In a ruling Wednesday, state Supreme Court Justice Lisa Fisher dismissed a lawsuit against the state Board of Elections seeking to do away with the so-called “LLC loophole,” which has allowed real estate developers and other interests to give huge campaign contributions in New York elections. The LLC loophole is the result of a 1996 state Board of Elections decision, which allows each limited liability company controlled by a developer to each give up to $150,000 annually in New York elections, the same amount an individual can give. In her ruling, Fisher, who heard arguments on the matter in Greene County Supreme Court in December, said that the statute of limitations had long run out to bring a case seeking to do away with the 1996 Board of Elections’ administrative decision.
The plaintiffs in the case, which included New York University Law School’s Brennan Center for Justice, argued that a deadlocked vote in 2015 vote by the state Board of Elections’ four commissioners to reconsider the matter made the lawsuit within the legal time frame to bring an action. (The Board’s two Democrats voted to reconsider the 1996 opinion, while the Republican voted not to.)
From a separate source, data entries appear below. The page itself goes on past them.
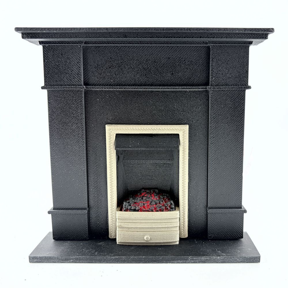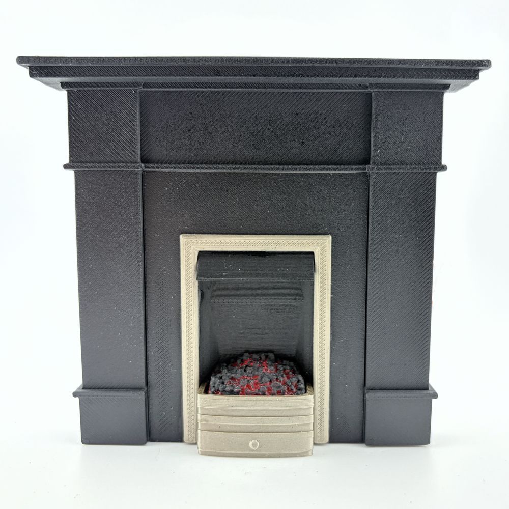 Dolls House fireplace with Glowing Fire.  Includes with FLICKERING 12V LED bulb.
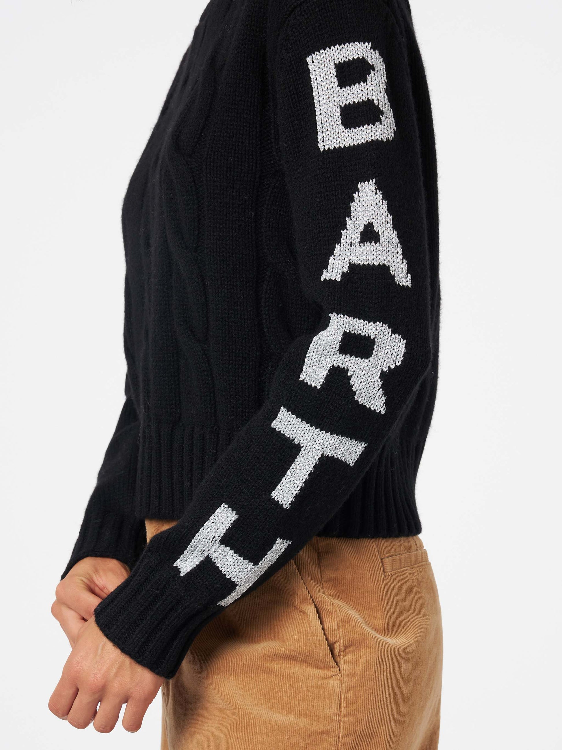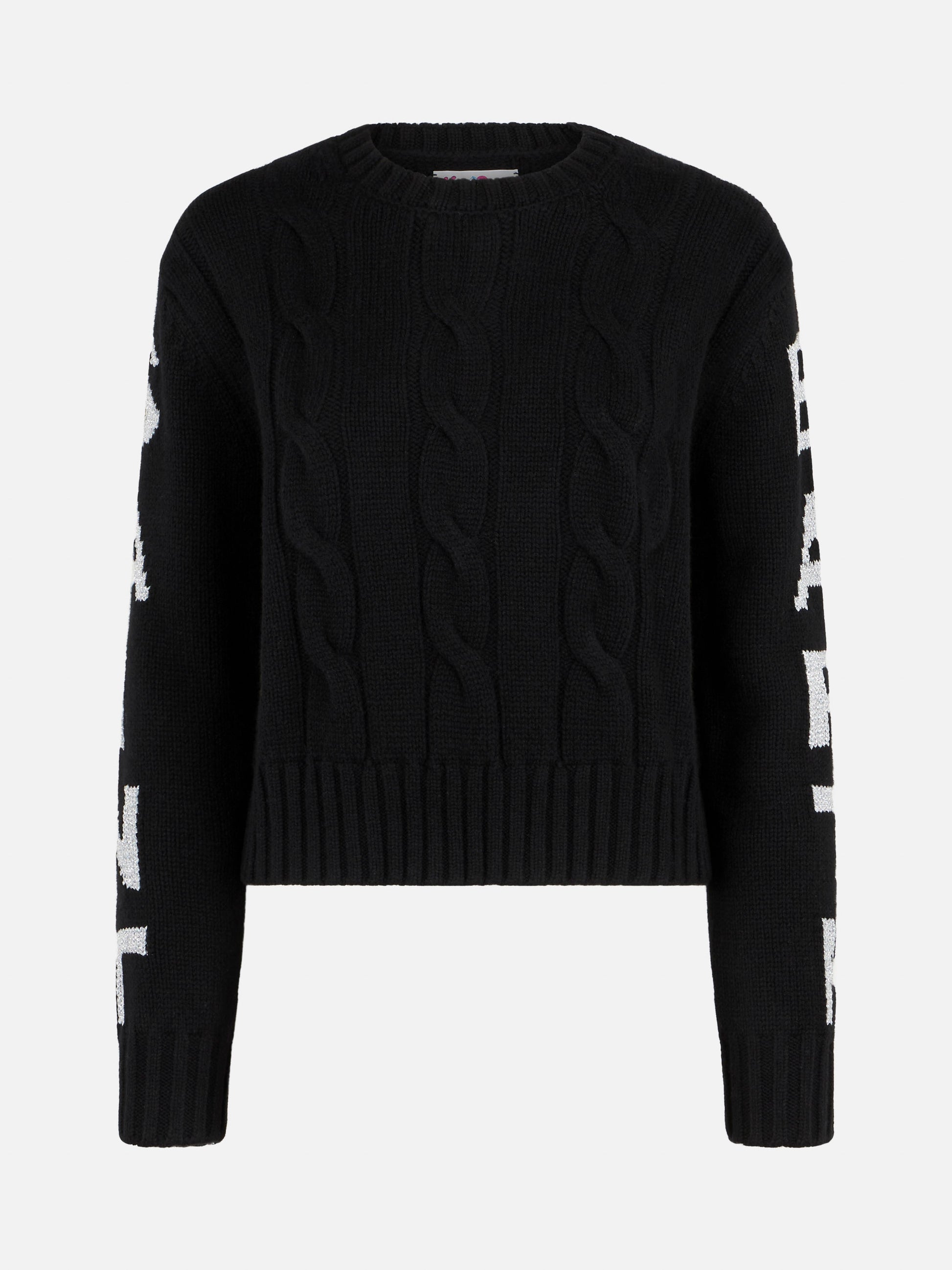Geflochtener Damenpullover mit Rundhalsausschnitt und Saint-Barth-Lurex-Print
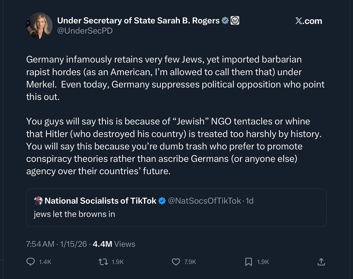 This is a real tweet by Sarah Rogers, responding unironically to a blatant Nazi account about whether Jews are at fault for letting “the browns in.” Does this seem like the right person to run psyops on X? Or to have a job in the government at all for that matter?
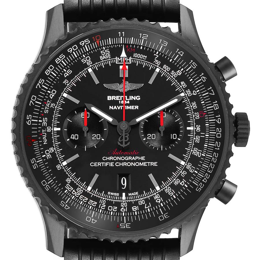 Breitling Navitimer 01 46 BlackSteel Mens Watch MB0128 Box Card. Self-winding automatic officially certified chronometer movement. Chronograph function. Stainless steel case with Breitling carbon-based "Blacksteel" treatment 46.0 mm in diameter. Transparent exhibition sapphire crystal caseback. Two buttons operate the chronograph functions. Breitling logo on the crown. Stainless steel bidirectional rotating slide-rule bezel. Scratch resistant sapphire crystal. Black dial with a tachymeter scale and luminescent baton hour markers. Luminescent stainless steel outlined hands. Large central red seconds counter. Date calendar at the 6 o'clock aperture. Two stepped-down subdials: 30 minute counter and small running seconds. Black rubber strap with Blacksteel double push-button deployant clasp.
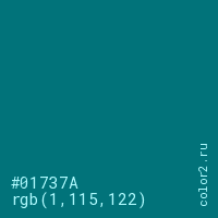 Цвет #01737A в цветовой модели RGB обозначается тремя октетами (1, 115, 122) в десятичном формате и #01737A в шестнадцатиричном (hex) формате, которые являются интенсивностью красного 1 (hex 01), интенсивность зелёного 115 (hex 73) и интенсивность синего 122 (hex 7A).
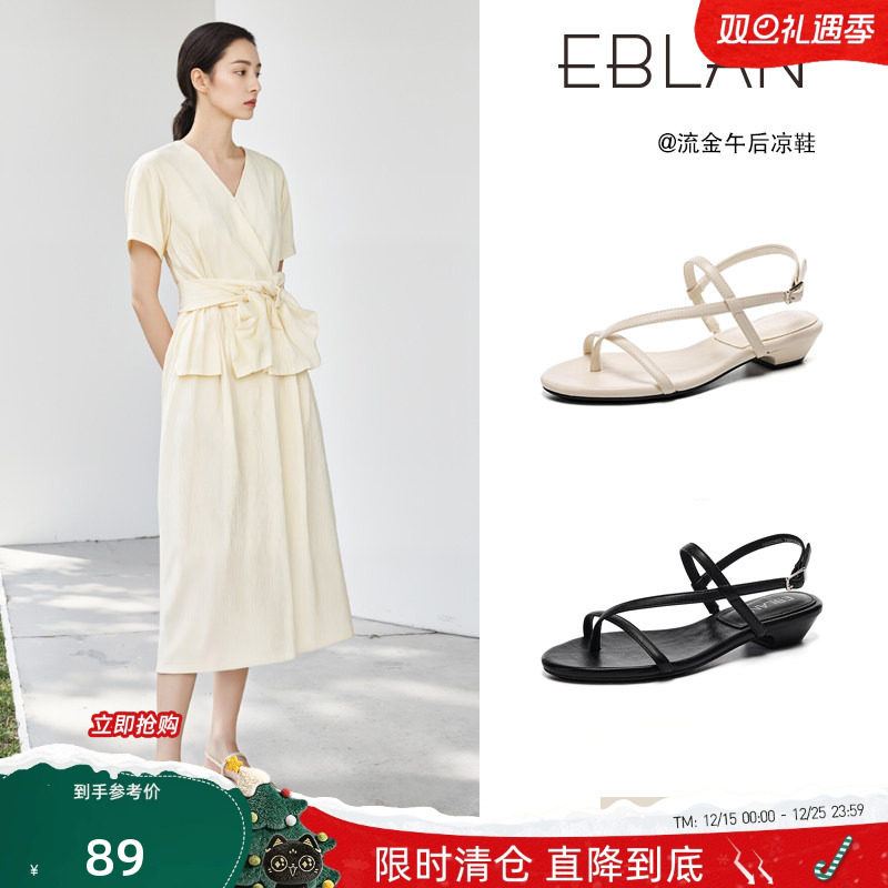 EBLAN/伊伴【89清仓福利】法式夹趾凉鞋女外穿一字粗跟罗马沙滩鞋
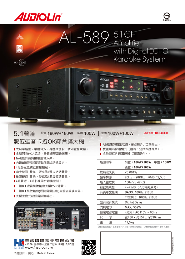 永悅音響 FNSD AL-589 5.1聲道綜合歌唱擴大機 華成電子製造 全新公司貨
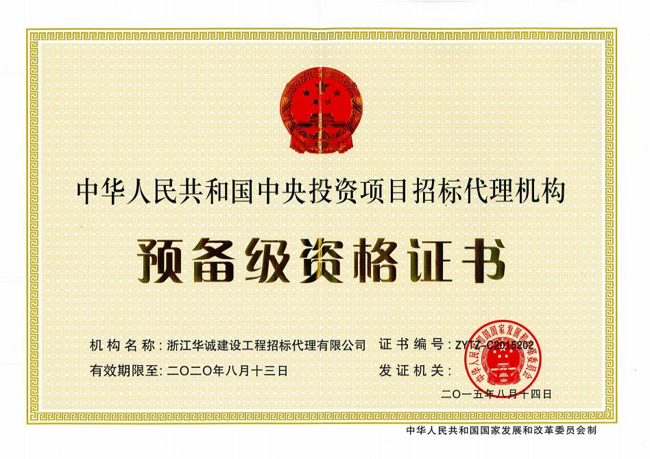 中央投資項(xiàng)目招標(biāo)代理機(jī)構(gòu)資格證書
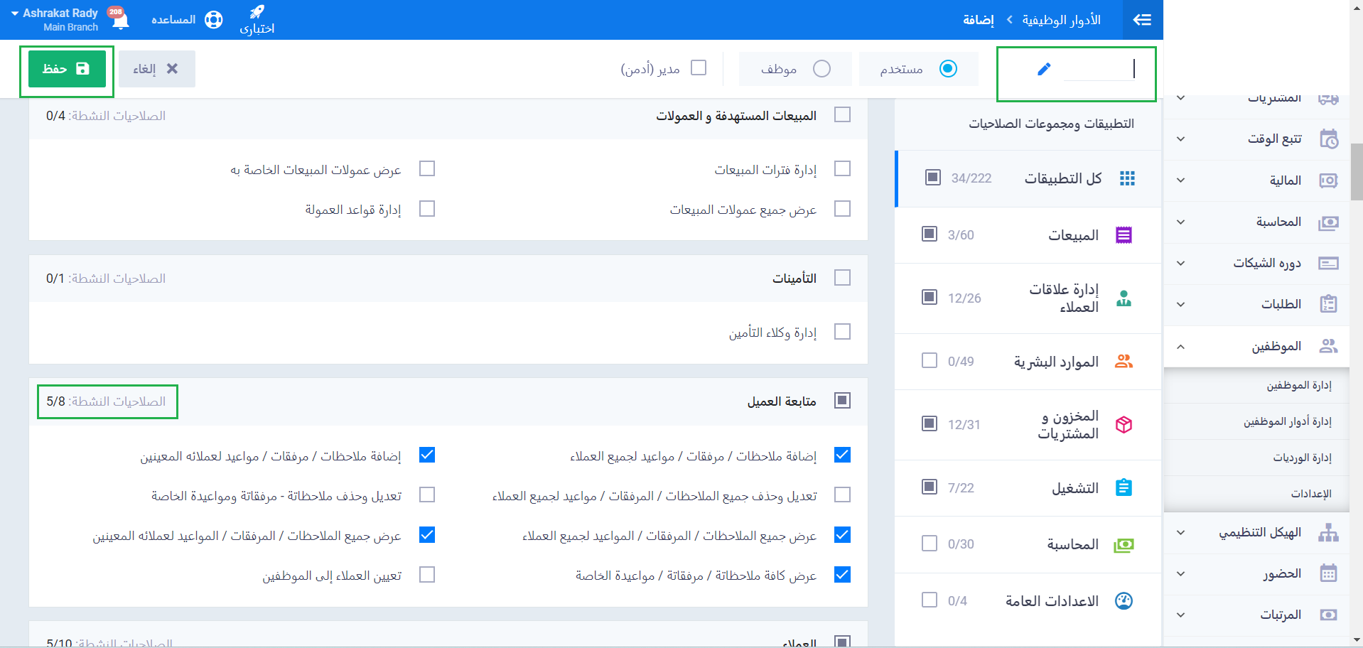 عند اختيار نوع الدور الوظيفي “موظف” تظهر لك بعض الصلاحيات مثل:

The 2015 action “does not allow Petitioners to bootstrap the 1996 opinion into the realm of judicial review,” Fisher wrote.
Fisher also contested the argument by plaintiffs, which included political candidates, that they had been harmed by the existence of the LLC loophole. That would give them standing in the case. “The argument that a candidate would have won or had a viable campaign if not for the ‘LLC loophole’ is grossly ‘conjecture or speculation’ which cannot create standing,” she wrote.